## WHAT THE EXERCISE ASKS
Going through the entries below, copy out each line that contains "front".

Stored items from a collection
>>>>>
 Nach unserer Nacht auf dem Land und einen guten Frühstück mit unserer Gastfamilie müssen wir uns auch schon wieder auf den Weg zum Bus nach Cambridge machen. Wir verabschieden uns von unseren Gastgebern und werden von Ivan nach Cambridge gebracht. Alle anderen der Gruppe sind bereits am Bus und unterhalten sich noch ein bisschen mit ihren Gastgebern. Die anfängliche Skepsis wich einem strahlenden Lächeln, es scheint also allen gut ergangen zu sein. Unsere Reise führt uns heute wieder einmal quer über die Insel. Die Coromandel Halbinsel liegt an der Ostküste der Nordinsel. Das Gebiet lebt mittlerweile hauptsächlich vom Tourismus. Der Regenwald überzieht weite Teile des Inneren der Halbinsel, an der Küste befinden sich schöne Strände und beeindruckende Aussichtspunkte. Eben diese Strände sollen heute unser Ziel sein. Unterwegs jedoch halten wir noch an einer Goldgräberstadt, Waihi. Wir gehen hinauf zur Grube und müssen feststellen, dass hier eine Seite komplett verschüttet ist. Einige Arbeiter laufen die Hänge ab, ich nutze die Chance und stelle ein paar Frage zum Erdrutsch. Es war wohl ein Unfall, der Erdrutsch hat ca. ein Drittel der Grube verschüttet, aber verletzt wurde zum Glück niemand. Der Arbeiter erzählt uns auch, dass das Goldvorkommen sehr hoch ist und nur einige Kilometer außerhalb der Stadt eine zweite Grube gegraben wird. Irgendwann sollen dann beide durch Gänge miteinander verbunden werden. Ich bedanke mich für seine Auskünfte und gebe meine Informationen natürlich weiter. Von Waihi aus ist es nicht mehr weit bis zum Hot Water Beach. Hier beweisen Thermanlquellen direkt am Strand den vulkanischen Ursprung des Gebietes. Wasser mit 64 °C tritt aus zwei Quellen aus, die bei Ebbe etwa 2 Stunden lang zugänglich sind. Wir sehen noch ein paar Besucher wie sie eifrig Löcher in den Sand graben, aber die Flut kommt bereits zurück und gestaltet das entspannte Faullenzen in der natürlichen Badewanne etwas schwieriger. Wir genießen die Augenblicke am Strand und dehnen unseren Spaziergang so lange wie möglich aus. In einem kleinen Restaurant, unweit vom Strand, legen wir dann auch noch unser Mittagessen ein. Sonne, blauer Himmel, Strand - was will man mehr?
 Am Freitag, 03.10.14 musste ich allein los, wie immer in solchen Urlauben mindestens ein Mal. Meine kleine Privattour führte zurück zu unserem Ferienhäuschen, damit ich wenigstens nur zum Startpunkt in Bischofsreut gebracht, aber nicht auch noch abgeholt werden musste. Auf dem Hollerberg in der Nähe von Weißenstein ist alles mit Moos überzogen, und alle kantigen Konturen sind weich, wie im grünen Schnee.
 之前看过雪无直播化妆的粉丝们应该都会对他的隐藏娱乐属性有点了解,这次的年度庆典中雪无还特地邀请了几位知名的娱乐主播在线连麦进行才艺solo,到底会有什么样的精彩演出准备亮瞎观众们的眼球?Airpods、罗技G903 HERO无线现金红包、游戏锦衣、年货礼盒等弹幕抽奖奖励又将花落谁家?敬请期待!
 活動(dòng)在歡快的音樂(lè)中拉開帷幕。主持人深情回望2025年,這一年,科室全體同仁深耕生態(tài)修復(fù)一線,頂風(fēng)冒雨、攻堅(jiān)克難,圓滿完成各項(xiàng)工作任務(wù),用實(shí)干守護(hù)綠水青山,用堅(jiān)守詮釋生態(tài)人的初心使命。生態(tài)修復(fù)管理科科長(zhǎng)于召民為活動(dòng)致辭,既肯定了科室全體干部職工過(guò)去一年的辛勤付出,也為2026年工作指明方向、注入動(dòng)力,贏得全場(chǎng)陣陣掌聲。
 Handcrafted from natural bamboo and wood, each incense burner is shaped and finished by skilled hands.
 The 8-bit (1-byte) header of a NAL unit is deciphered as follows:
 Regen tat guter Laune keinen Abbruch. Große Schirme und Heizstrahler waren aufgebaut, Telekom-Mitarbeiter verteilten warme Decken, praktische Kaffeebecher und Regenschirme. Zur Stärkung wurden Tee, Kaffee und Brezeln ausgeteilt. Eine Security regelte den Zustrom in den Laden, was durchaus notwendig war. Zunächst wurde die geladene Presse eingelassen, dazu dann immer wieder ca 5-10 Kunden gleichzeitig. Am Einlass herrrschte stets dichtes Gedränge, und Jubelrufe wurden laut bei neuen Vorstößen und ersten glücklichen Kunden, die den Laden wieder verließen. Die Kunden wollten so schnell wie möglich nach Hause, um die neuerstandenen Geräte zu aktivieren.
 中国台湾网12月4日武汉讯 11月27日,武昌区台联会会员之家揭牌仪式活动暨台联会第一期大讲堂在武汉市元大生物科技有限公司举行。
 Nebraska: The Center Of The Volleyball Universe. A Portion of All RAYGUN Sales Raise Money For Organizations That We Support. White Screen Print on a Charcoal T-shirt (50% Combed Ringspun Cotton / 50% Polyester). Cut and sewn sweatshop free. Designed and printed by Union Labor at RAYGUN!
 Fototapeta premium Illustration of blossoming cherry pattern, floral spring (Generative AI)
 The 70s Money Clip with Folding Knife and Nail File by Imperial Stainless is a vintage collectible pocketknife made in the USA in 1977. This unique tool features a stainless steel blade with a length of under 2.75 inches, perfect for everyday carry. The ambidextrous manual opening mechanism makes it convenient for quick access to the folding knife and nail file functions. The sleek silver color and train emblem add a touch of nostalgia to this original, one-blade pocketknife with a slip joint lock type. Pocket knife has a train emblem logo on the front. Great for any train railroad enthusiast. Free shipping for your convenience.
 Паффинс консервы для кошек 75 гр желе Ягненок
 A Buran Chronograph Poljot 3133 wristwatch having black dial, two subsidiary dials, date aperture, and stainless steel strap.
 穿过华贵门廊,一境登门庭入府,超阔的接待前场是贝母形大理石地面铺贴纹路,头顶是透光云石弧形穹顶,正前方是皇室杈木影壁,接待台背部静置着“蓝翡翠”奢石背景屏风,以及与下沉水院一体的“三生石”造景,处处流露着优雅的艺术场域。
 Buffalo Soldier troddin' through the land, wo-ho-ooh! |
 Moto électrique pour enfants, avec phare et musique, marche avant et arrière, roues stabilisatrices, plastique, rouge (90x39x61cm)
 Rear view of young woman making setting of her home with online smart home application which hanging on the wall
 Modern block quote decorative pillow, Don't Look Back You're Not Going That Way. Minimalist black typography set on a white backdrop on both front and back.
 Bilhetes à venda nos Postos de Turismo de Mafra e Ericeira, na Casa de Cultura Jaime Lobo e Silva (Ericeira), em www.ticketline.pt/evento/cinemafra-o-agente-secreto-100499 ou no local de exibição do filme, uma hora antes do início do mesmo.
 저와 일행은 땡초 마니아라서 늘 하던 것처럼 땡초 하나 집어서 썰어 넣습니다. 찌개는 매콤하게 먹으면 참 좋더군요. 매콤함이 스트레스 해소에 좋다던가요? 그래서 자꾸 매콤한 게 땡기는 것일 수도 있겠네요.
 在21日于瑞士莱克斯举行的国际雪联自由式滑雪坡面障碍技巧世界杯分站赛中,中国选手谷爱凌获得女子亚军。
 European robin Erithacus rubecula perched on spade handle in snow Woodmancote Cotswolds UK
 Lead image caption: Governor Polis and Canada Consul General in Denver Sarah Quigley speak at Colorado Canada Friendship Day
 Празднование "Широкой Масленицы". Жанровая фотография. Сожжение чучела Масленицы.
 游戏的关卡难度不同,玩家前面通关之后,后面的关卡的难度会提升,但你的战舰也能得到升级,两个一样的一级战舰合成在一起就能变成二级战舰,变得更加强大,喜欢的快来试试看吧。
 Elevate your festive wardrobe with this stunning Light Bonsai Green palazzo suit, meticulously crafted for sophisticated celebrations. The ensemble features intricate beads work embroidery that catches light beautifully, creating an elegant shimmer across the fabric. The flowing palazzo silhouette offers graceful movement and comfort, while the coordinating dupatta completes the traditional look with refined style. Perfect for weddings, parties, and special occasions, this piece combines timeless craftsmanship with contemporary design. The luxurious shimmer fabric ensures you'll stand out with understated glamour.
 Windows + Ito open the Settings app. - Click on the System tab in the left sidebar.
<<<<<
## OUTPUT FOR THIS EXERCISE
 The 70s Money Clip with Folding Knife and Nail File by Imperial Stainless is a vintage collectible pocketknife made in the USA in 1977. This unique tool features a stainless steel blade with a length of under 2.75 inches, perfect for everyday carry. The ambidextrous manual opening mechanism makes it convenient for quick access to the folding knife and nail file functions. The sleek silver color and train emblem add a touch of nostalgia to this original, one-blade pocketknife with a slip joint lock type. Pocket knife has a train emblem logo on the front. Great for any train railroad enthusiast. Free shipping for your convenience.
 Modern block quote decorative pillow, Don't Look Back You're Not Going That Way. Minimalist black typography set on a white backdrop on both front and back.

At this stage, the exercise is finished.